As a next step, I added a rule in my header_checks, like this:
/^\S+:/ WARN HEADER_DEBUG
The meaning is: trigger a warning for every header, so I can see in my logs every header postfix sees, like the following:
Mar 24 16:45:02 myserver postfix/cleanup[22026]: A473C429D2: warning: header Subject: Test 1234 from unknown[1.1.1.1]; from=<dkimsender@skullkrusher.net> to=<dkimrecipient@skullkrusher.net> proto=ESMTP helo=<[1.1.1.1]>: HEADER_DEBUG
This way I could compare the headers seen by postfix with the headers passed to the milters and found a slightly different correlation: it wasn’t the From header only. Where the From header was present, another header was missing. Actually, in every single email there was a missing header and after a few more tests I also figured out how the missing header was always the first one.
This reminded me something.
Milters do not receive all the headers from postfix; one is actually excluded: the Received header added by postfix itself. This happens to guarantee compatibility with milters written for sendmail, as sendmail doesn’t pass that header either and milters therefore do not expect the header to be there.
After a short search I managed to find out a thread I read a while back:
https://groups.google.com/forum/#!topic/mailing.postfix.users/O5arYSqexis
The interesting part is this:
I wrote a small milter to archive incoming emails. While testing I
noticed, that I never got the Received line inserted by the local
Postfix itself. A tcpdump of the milter traffic doesn’t show the
Received line too. Out of curiosity I prepended a header line with
smtpd_sender_restrictions/./ PREPEND X-MTA: Local
and checked again, whether I could see this X-MTA line in the milter
header callback. I did not, but to my surprise the previously missing
Received line was there. Removing the X-MTA PREPEND made the Received
line dissappear again.So it seems to me, that the milter client eats the first header line
and the milter does not see it.
…and I assume you see the light too, now.
Amongst the other anonymization practices I had in place, there was also the removal of the locally-added Received header, through a proper IGNORE entry in my header_checks.
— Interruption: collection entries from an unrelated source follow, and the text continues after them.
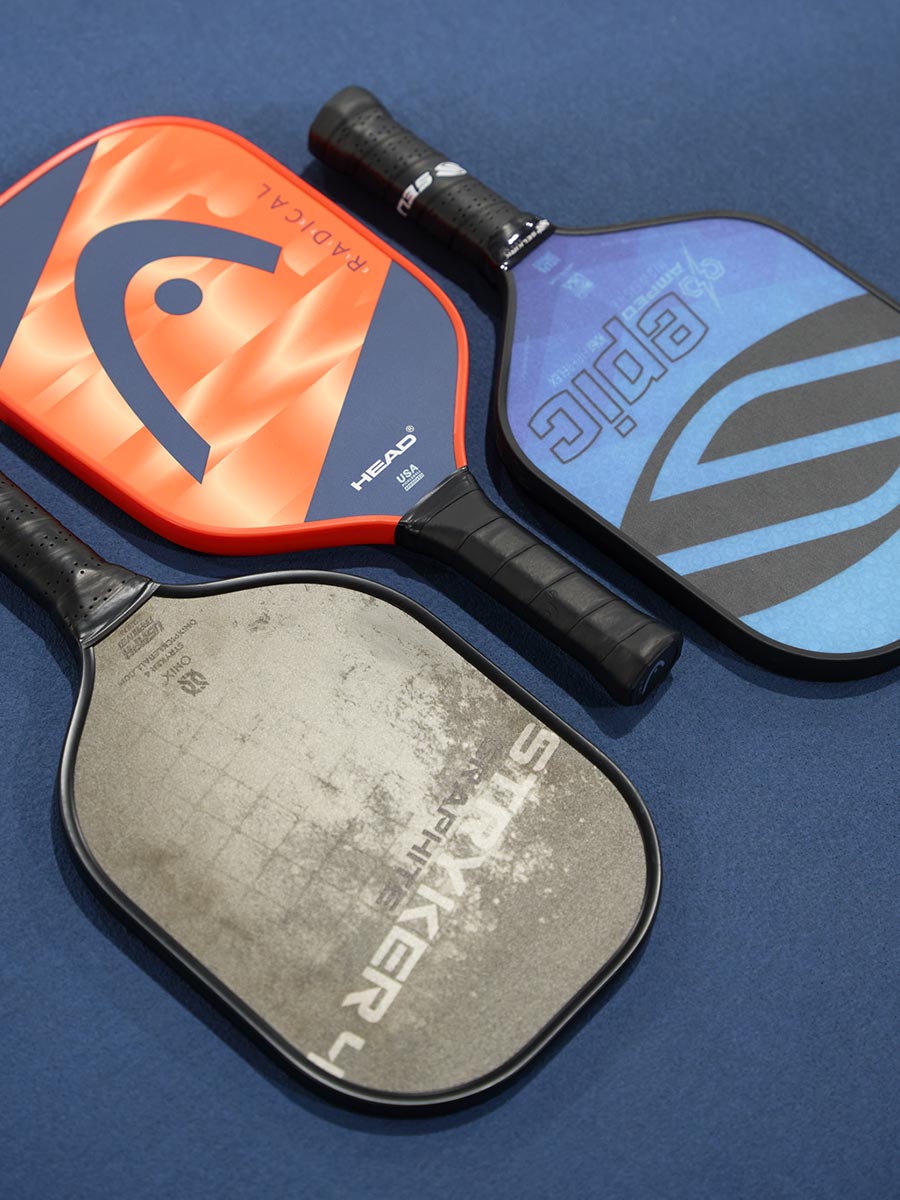 Handle size and length determine how well you can grip the paddle and achieve accuracy in your shots. These specifications are generally standard for paddles sold in stores based on average hand sizes (e.g., average handle thickness ranges from 4.125 to 4.375 inches in circumference). If you have larger or smaller hands than average, you can find suitable models. You can also modify the thickness of the handle by adding an overgrip which gives the racket a better grip. A longer overgrip can also be used for two-handed backhands.
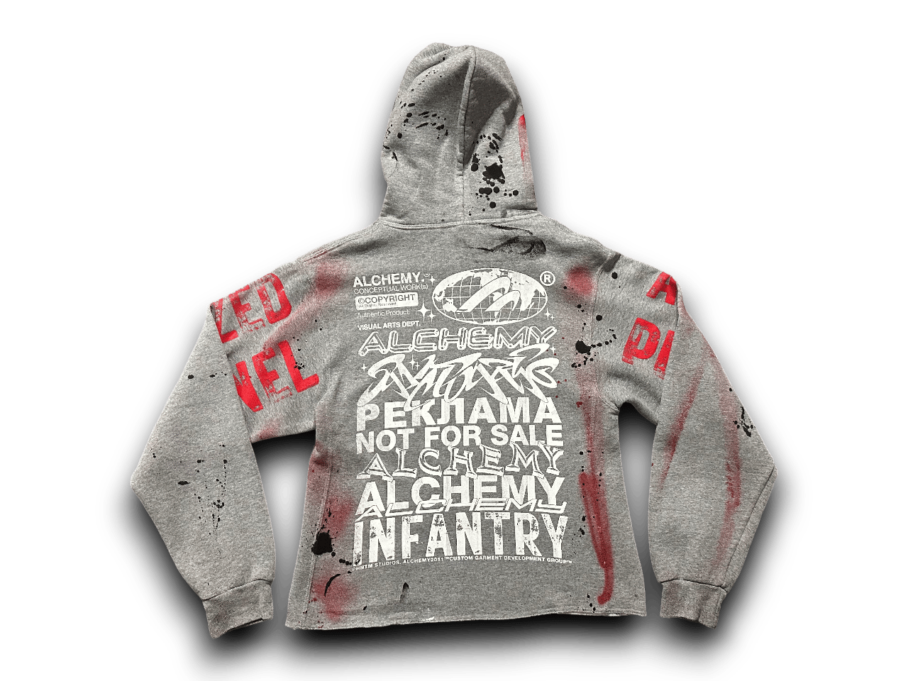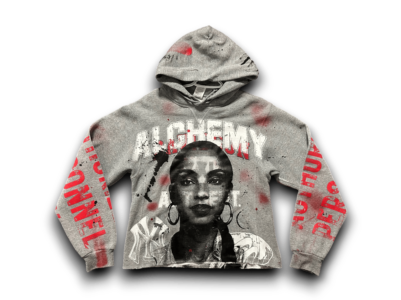 Sade Adu NY art dept upcycled screen print gray/red/white hoodie
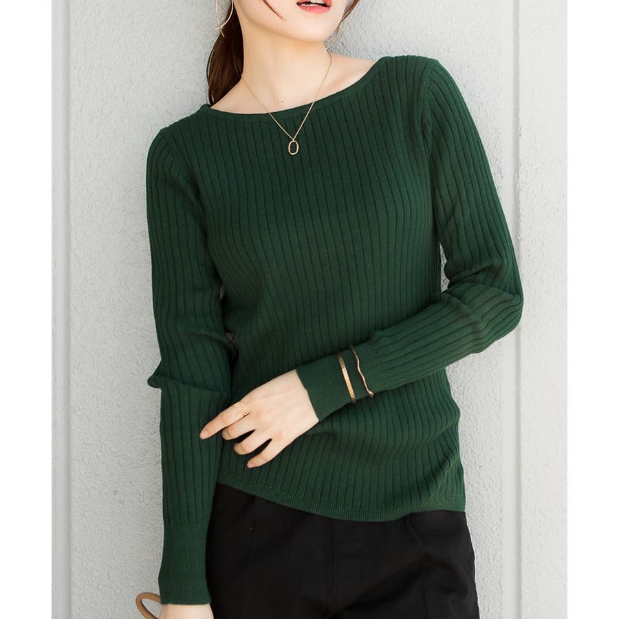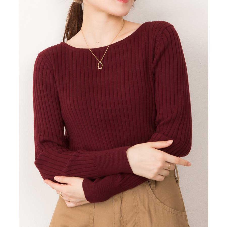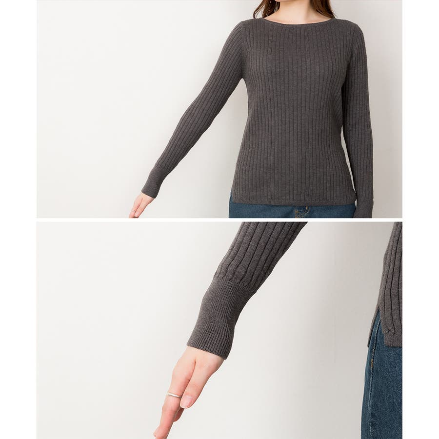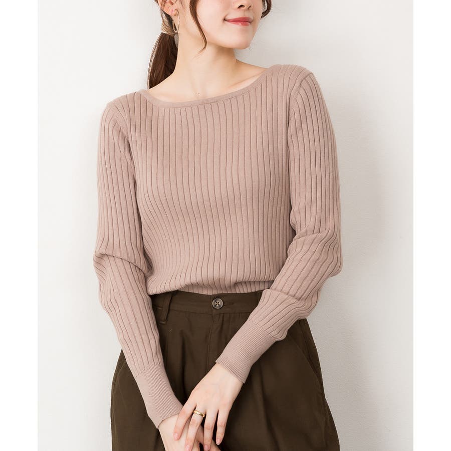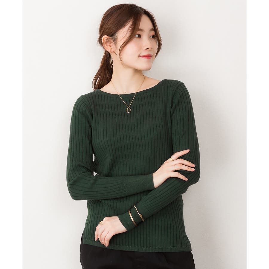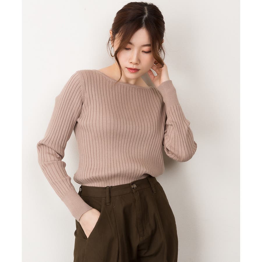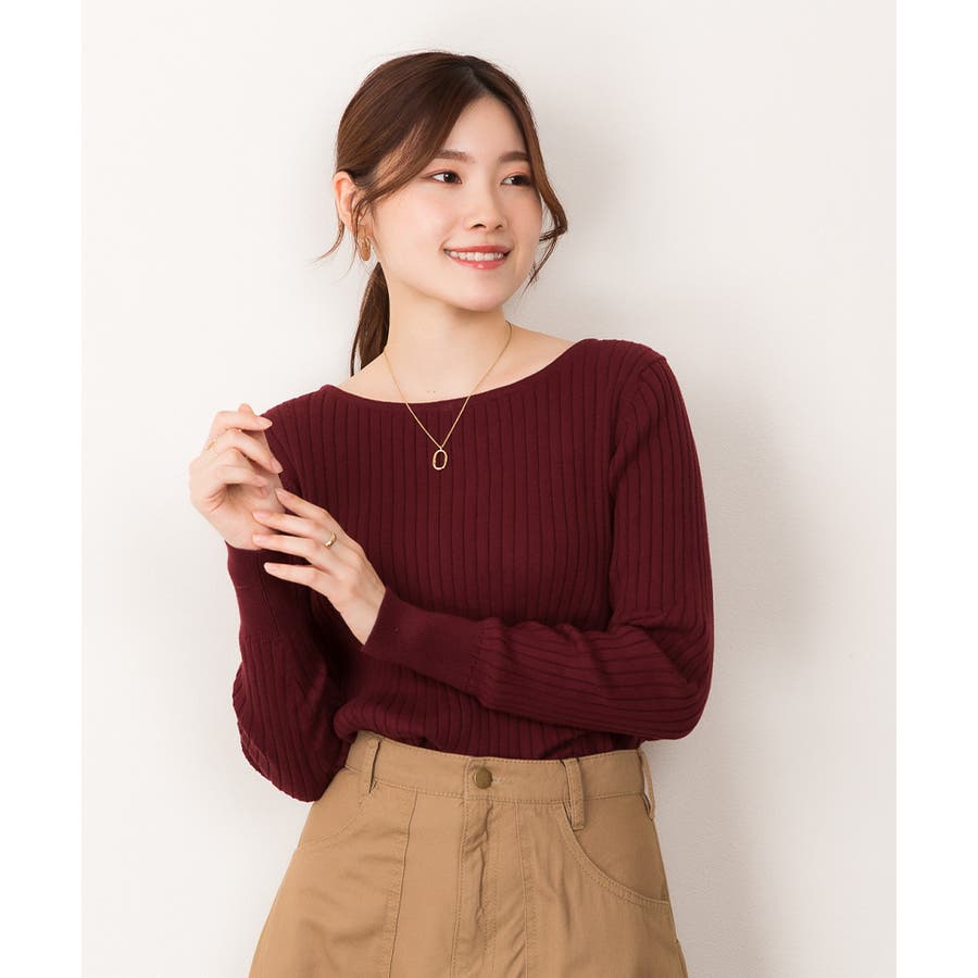 リブニットボートネックセーター
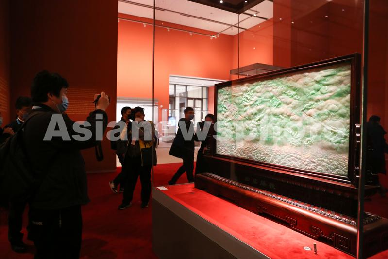 图片说明:媒体记者拍摄展出的翡翠插屏《四海腾欢》。
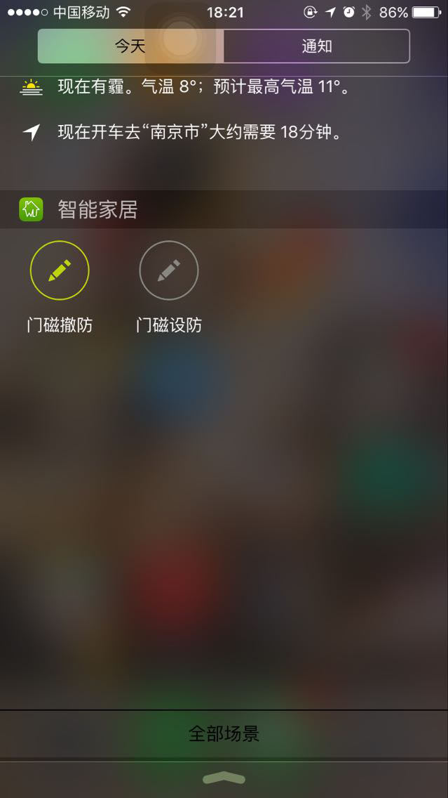 由于大多手机用户都会设制密码,所以如果控制智能家居需要先解琐手机无疑将会相当复杂,不过Widget场景并不存此问题。事实上,Widget场景不但不需要打开APP,其实还不需要解锁智能手机。换言之,Widget场景操作至多要三步:“点亮手机屏幕”——“下滑屏幕,进入通知中心”——“直接操作”。
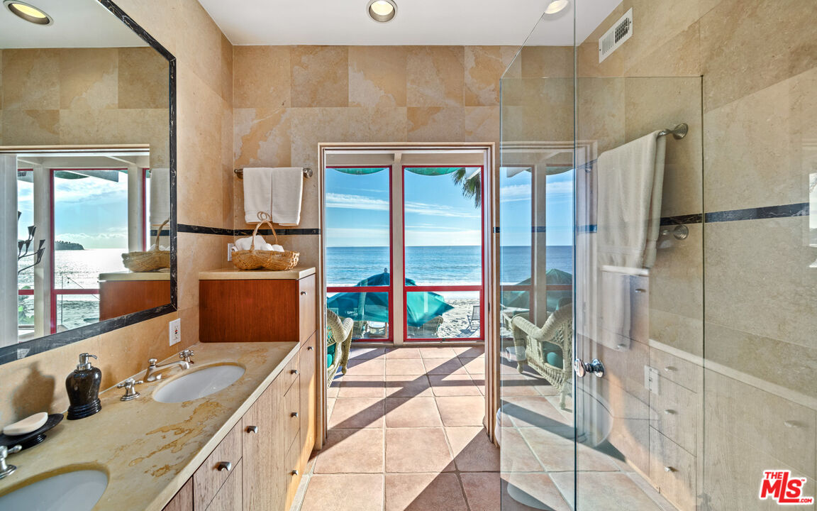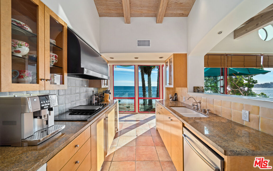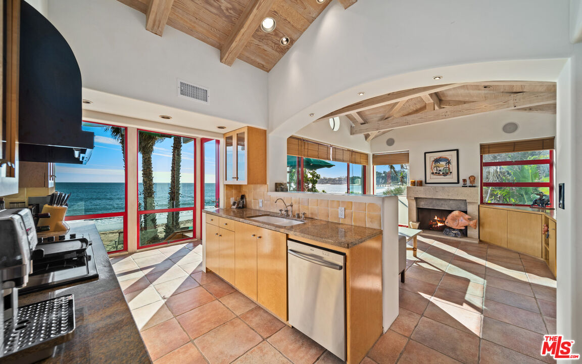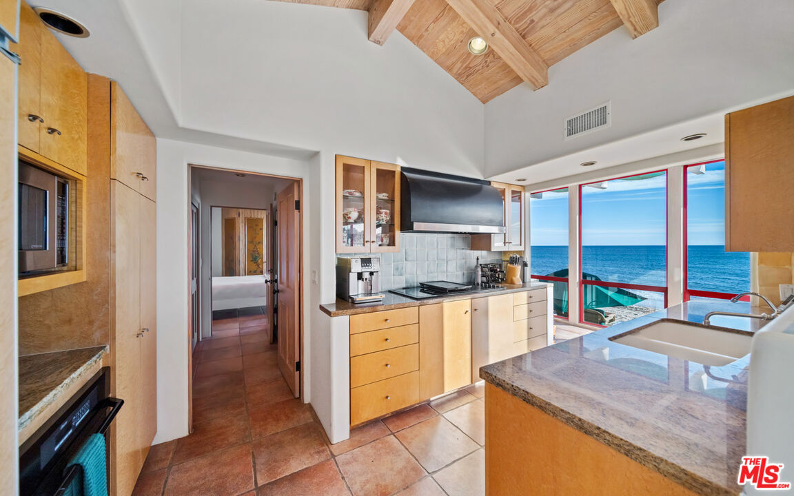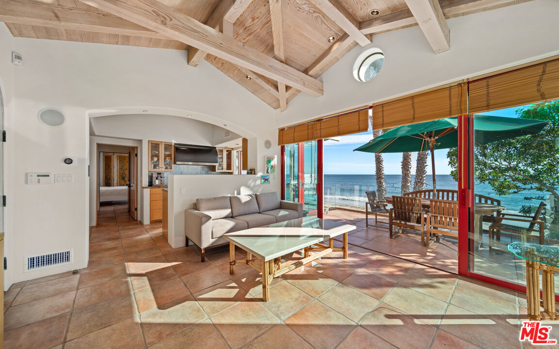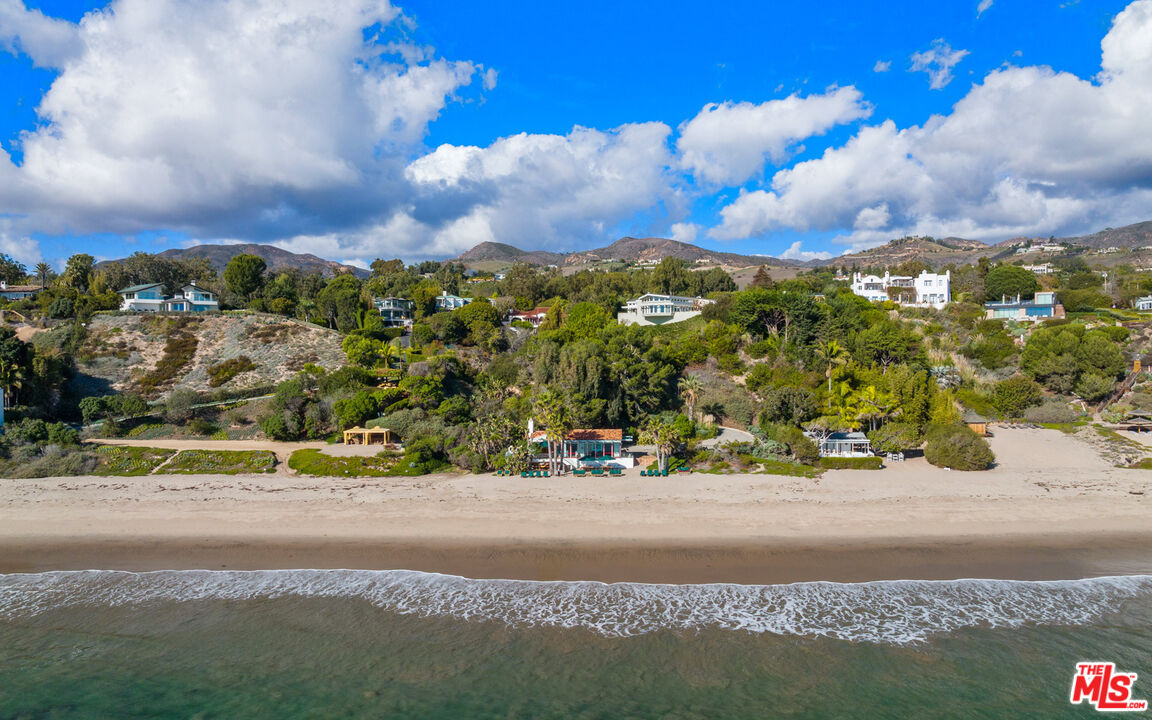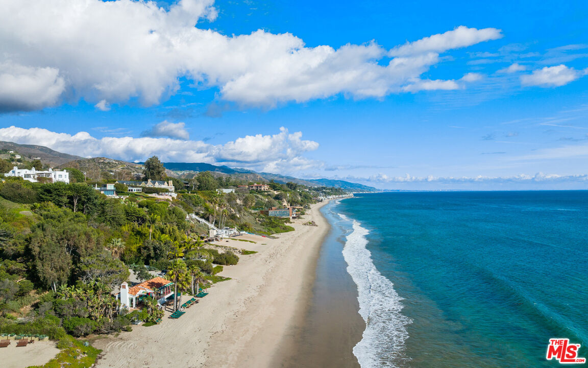 Set behind gates at the end of a long, private street, this romantic beachfront Spanish-style bungalow is perfectly situated for the enjoyment of expansive views of the ocean, islands, and coastline along with gorgeous sunsets and the ever-changing sky. Highlights include high beamed ceilings, walls of glass, tiled floors, a long oceanfront loggia for lounging and entertaining, and a resort-style, palm-fringed area for relaxing, dining, and entertaining on the sand. The living room, with a fireplace, built-in cabinets, and wraparound windows, has an al fresco dining porch just outside. A wide archway opens to the adjacent ocean-view kitchen, complete with granite countertops, pantry cabinets, and top-quality appliances. The home's charming bedroom has wide pocket doors that open onto the loggia and its amazing views. Off the living room, the tiled deck has a built-in barbecue, Jacuzzi, and steps down to the sand, where there is a small wood bar and deck area, a surfboard rack, and two outdoor showers. Equipped with air conditioning and security, this is the perfect private beach getaway, every day of the year. 27910 PCH (Main House) is also for lease. Both can be leased together for $60k/month.Interested in this Listing?

As the HEADER_DEBUG said above, this was taking place before the milter came into play; then, when the mail was passed to the milters, the first header was skipped (even if it wasn’t a Received header), causing the apparent loss of a random header (apparent, ’cause the header was still there, although not seen by the milters). For MUAs that tend to write the From header as the first one (like the one used by my poor user) the missing header was the From, causing opendkim to fail.
Once this was figured out, finding a solution has obviously been trivial: instead of applying an IGNORE to remove the locally added Received, I’m now using a REPLACE rule to strip away sensitive informations without removing the entire header.
This way that header remains in place, it can be again set apart by the milter interface, but all the other headers are passed to applications as expected.
So opendkim is finally happy, and I’m am too…
Just had exactly the same problem. Thank you for pointing out the solution.
How did you do this replace rule?
With something like
/^Received: .*mail\.bofhland\.org.*((?:Mon|Tue|Wed|Thu|Fri|Sat|Sun), .*)$/ REPLACE Received: from mua.bofhland.org (mua.bofhland.org [192.168.1.1]) by mail.bofhland.org; $1
in header_checks.
This rule will strip the original IP, rDNS and HELO for the MUA, replacing them with fixed values while leaving the rest of the information (queue-ID and timestamp) unaltered.
Note that in my case the hostname “mail.bofhland.org” for my local mailserver will only appear in the headers when the mail came in through the MSA smtpd instance, as the default one, listening on port 25, is associated with another hostname.
IOW, the hostname defined in main.cf is something else, while the “submission” entry in master.cf is passed the parameter
-o myhostname=mail.bofhland.org
If this weren’t the case, the rule above would replace the locally-added Received header for any incoming mail too…
Thank you very much indeed for posting this! A good analysis with helpful solutions. I was also using IGNORE and changed it to REPLACE which I actually prefer.